What is required:
Wherever pictures appear in the listing below, leave them out, and copy exactly, and only, everything from the line with "-. Title : New" down to the line with "The 580 integrated".

......

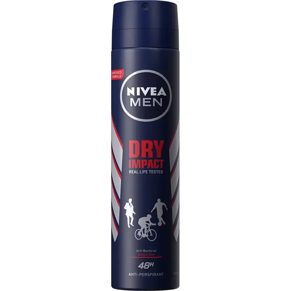 Дезодорант-спрей Nivea Men «Dry Impact» обеспечивает до 48 часов надежной антиперспирантной защиты. Высокоэффективная формула двойного действия эффективно борется с влажностью подмышек и тем самым предотвращает появление неприятных запахов. Дезодорант также придает мужественный, свежий аромат.
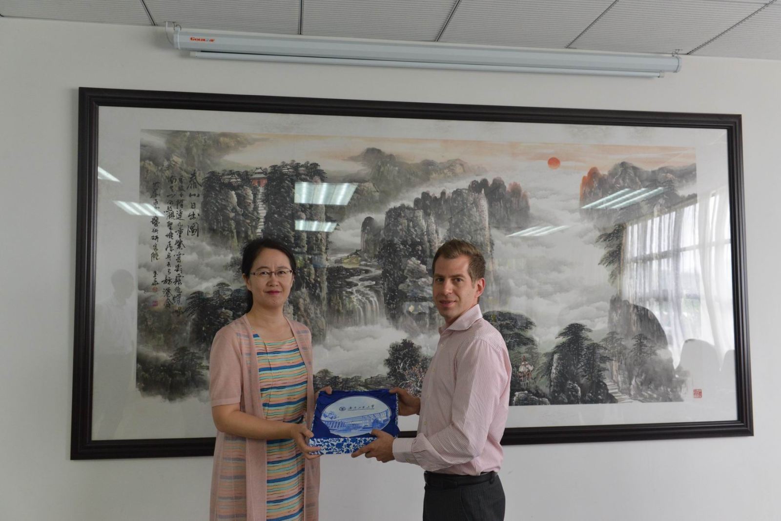 张力对Nick Ducoff一行的来访表示热烈的欢迎,她向客人介绍了我校的基本情况,并重点介绍了我校在建设高水平大学中的国际化办学情况,包括学生长短期海外交流、涉外办学、师资培养和海外人才引进等。她希望通过此次交流,两校能够在学生交流、人才引进、骨干教师培养、合作科研等方面开展合作。
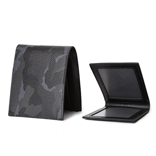 -. Title : New Camo Men Real Leather Bifold Wallet Youth Fashion Trend Purse with 2 Windows
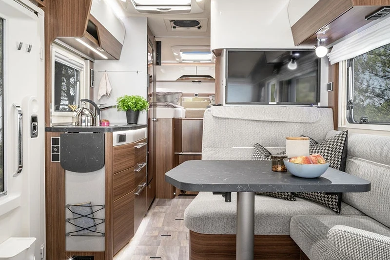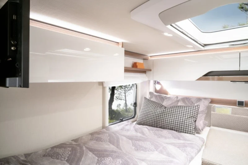 The 580 integrated model is among the shortest and most agile in its range. At a shade under 7m, it features rear single beds over a huge garage, with a further drop-down bed over the cab. The elegant, L-shape lounge is complemented by chic, ambient lighting and high-quality cabinetry. And, whatever your desires, you can choose from a wealth of exclusive optional extras.
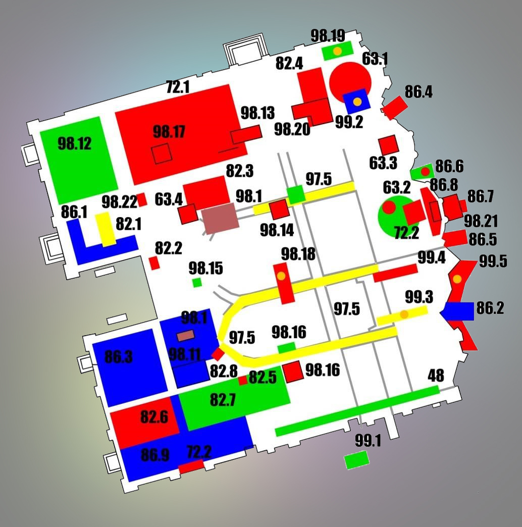 9. Фрагмент електронної Археологічної карти НКПІКЗ з зазначенням місць археологічних досліджень в площині Успенському собору.
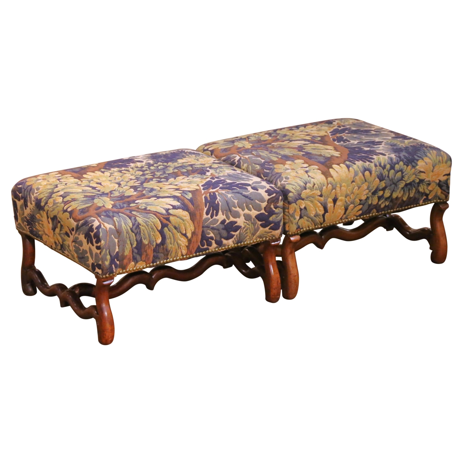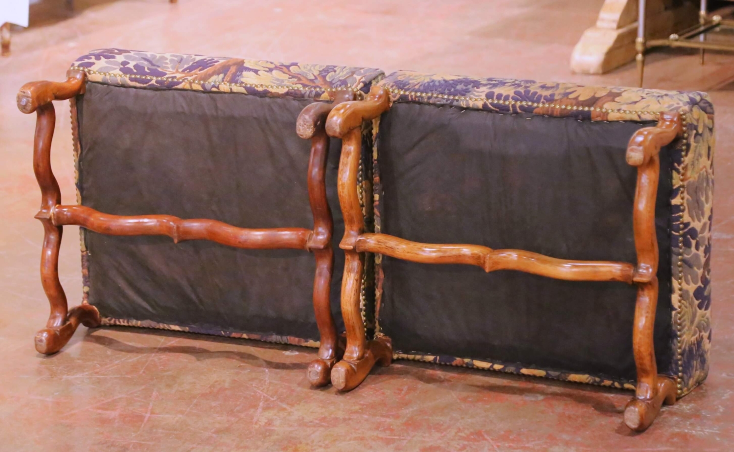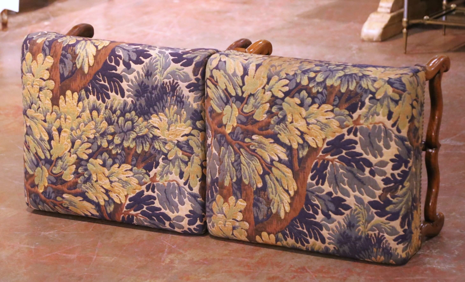 Pair of 19th Century French Louis XIII Walnut Stools with Tapestry Upholstery
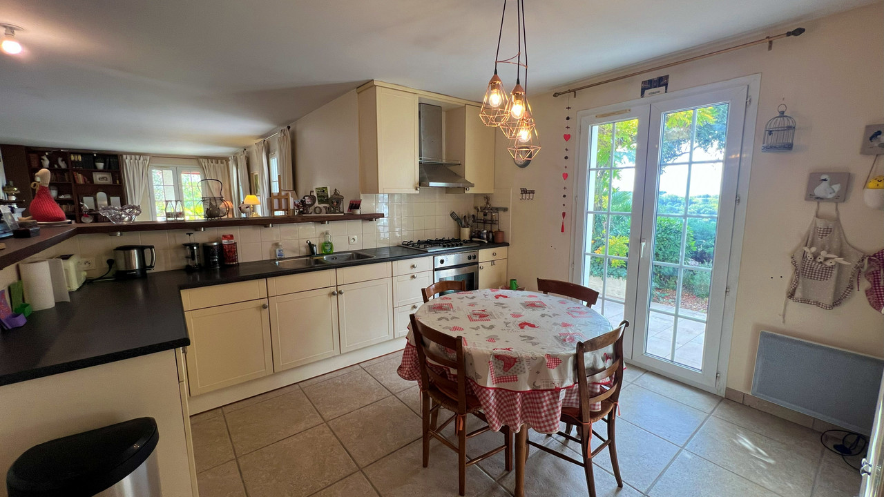 A40785JKB11 - Superbe villa exposée plein sud, dans un cadre paisible au-dessus du village d'Aragon, offrant une vue panoramique sur les Pyrénées. Grands espaces de vie, 3 chambres dont une suite parentale, piscine, cuisine d'été et jardin paysager.
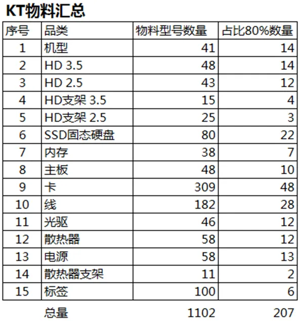物料数据汇总如下:
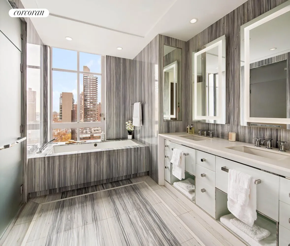 Designed by top AD 100 interior designer Celerie Kemble, this one-of-a-kind five-bedroom, four-and-a-half-bath residence is infused with lacquered walls, bespoke millwork, rich textures, and a refined palette that balances classic elegance with modern warmth. Floor-to-ceiling windows with south, east, and west exposures bathe the interiors in natural light and frame sweeping city views.
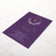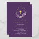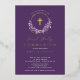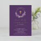 Hermosas invitaciones de Relieve metalizado dorado de la Primera Comunión con una corona de lino lavanda y una cruz de Relieve metalizado dorado sobre un fondo morado profundo. Invierta nuestra invitación para ver una coordinación de nuevo para un toque especial.

......

Final answer:
 -. Title : New Camo Men Real Leather Bifold Wallet Youth Fashion Trend Purse with 2 Windows
 The 580 integrated model is among the shortest and most agile in its range. At a shade under 7m, it features rear single beds over a huge garage, with a further drop-down bed over the cab. The elegant, L-shape lounge is complemented by chic, ambient lighting and high-quality cabinetry. And, whatever your desires, you can choose from a wealth of exclusive optional extras.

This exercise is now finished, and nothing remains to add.